【7】
第19話
わたしはガブリエルの遺品であるブレスレットを紙袋の中にしまい込み、滅多なことでは見なくなりました。ニコールもずっとネックレスをつけていましたが、控えめな彼女は、まるでガブリエルの存在を隠すように、ネックレスも服の中に隠し続けました。そううやって毎日を過ごし、訓練と『調整』と出撃がくり返される間に、わたしたちは次第に、ガブリエルの喪失を忘れていきました。
ガブリエルや、他の子たちの穴を埋めるように、次から次へと新しいパイロットたちが、養育機関から送られてきました。まるで粘土の人形みたいな、空っぽの顔をした子どもたち。その中にはガブリエルという名前も、アレクサという名前もありました。わたしたちにとって、名前とはその程度のものなのです。たぶん認識番号さえあれば、ほんとうは名前なんて必要なかったのだと思います。
わたしたちに施される訓練も『調整』もどんどん過酷になっていき、とくに『調整』に関しては、わたしたちが人間ではなく兵器として扱われていることを、否応なく突きつけられる場となりました。
そして『調整』の翌日は、あらゆる体調不良に悩まされました。わたしは他の子たちよりめまいや平衡感覚に障害が出やすいらしく、寮の階段をよく転げ落ちました。平衡感覚の喪失は、兵器としては致命的な欠陥です。転落して頭から血を流したその日、わたしは兵器としての自分の終わりを、それとなく覚悟しました。
でもわたしなんか、まだいい方だったと言えるでしょう。いちばん辛かったのは、たぶんイーサンに違いありません。
この後に及んでも、イーサンはまだ色濃く『心』を残していました。撃墜数トップ。でも同時にトラブルが絶えず、メカニックの人たちや上層部の人たちとケンカをしたこともあるそうです。そのケンカの延長上だったのか、一度は戦場で、他の部隊の
豊かな心。喜怒哀楽。ふつうの人間なら誰もが持ちえ、美しいと思われるそれらも、兵器のパーツとして生きていくには、邪魔でしかありませんでした。

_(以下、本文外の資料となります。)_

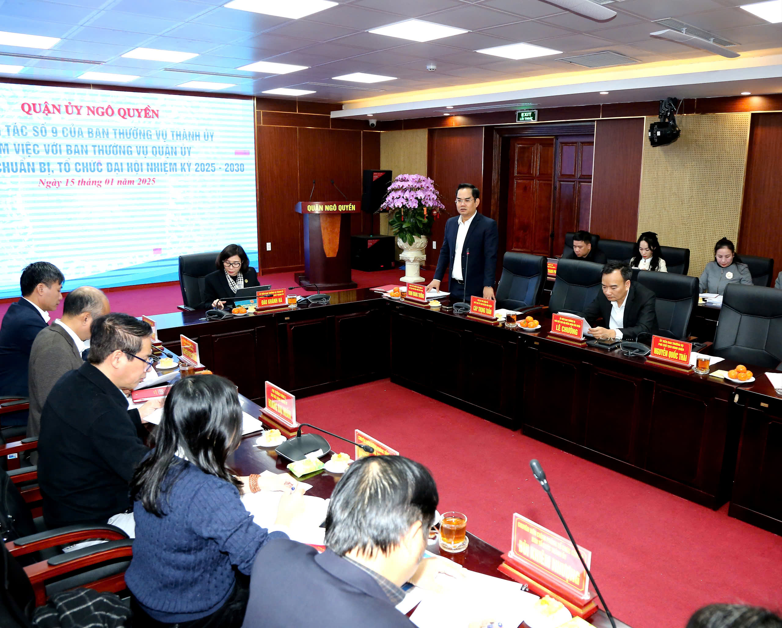 Để chuẩn bị, tổ chức Đại hội nhiệm kỳ 2025-2030, Quận ủy Ngô Quyền kịp thời quán triệt, cụ thể hóa các quy định, hướng dẫn của Trung ương, Thành ủy về tổ chức Đại hội đảng các cấp tới các tổ chức cơ sở đảng, cán bộ, đảng viên và nhân dân. Quận chủ động xây dựng, triển khai các kế hoạch tổng thể, chi tiết, phân công trách nhiệm cho các cơ quan, đơn vị, cá nhân gắn với tăng cường kiểm tra, đôn đốc thực hiện.

『敵』を撃墜したことに喜び、誰かと話して笑い、誰かの死を素直に悲しみ、間違ったことに関しては平然と怒りの声を上げる――。上層部はミハイロワ少尉に、今度こそイーサンの『心』を抹殺することを命じました。『心』というものは、彼の価値を貶める要因にしかなりませんでした。
その結果が、おそらく『あれ』だったのでしょう。
※
わたしが基地で過ごしていたのが、正確には何年だったのか、わたし自身には分かりませんでした。それでもミハイロワ先生が教えてくれたところによると、たぶんこのころで、通算で六年間、わたしたちはパイロットとして生きていたはずでした。
六年!
それがふつうの人にとって、長いのか短いのか、いまいちよく分かりませんが、わたしたちにとっては十分長い年月でした。セキレイのパイロットは、その多くが短命です。わたしは今年で十五歳になりましたが――あくまでもわたしが『稼働』してからの年齢です。肉体年齢は一応、二十四歳程度だとのことです――そのうちの六年となれば、およそ三分の一以上を、わたしはただの『兵器』として過ごした計算になります。

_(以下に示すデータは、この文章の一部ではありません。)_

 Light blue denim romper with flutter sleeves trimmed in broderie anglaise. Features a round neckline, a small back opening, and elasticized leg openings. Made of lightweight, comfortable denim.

……失礼、話が逸れました。つまり基地に来てから六年。ガブリエルが死んでから四回目の夏に、わたしの短い生涯を揺るがす大事件が起きたのです。そのことをこれから、追って順番に話したいと思います。
ガブリエルが死んでからの四年間、わたしたちは数多くの出撃をこなし、たくさんの『敵』を撃墜してきました。わたしたちの肉体の成長はほぼ終わり、服や靴のサイズ交換もほとんどなくなりました。四年の間に、リーランド軍曹とグエン軍曹は曹長になり、同時にミハイロワ先生も、ずいぶんと老け込んだように思われました。
実を言うと、わたしはミハイロワ先生が具体的には何歳なのか、今でも知らないのです。ふつうの人たちの加齢についてはよく分かりませんが、ふたりの軍曹――ああいえ、曹長よりは年上なのは間違いなかったでしょう。あの当時、リーランド曹長が二十九歳だったことを考えると、たぶんミハイロワ先生は、三十代の半ばくらいだったのではないかと思います。

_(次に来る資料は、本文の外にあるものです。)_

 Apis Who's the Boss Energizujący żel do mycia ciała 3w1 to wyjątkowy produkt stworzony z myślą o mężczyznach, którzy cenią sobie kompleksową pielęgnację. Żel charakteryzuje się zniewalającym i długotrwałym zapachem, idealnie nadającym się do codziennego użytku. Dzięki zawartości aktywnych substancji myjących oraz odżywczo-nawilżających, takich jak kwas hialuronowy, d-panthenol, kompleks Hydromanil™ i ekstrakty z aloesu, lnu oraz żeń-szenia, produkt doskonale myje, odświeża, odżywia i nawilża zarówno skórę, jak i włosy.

そう、脱線しますが、ミハイロワ先生の話もしておきましょう。ミハイロワ先生はわたしたちにとって、師であり上官であり、たぶん『母』のようなものでした。彼女がわたしたちを見る目はいつも何かに憂いていて、わたしたちが戦果を上げるたびに、その色はますます濃くなりました。『敵』を落とすのは喜ばしいことなのだと、そう教えてくれたのはミハイロワ先生なのに。他でもないその先生が、わたしたちが戦うのを、まるで嫌がるような素振りを見せるのです。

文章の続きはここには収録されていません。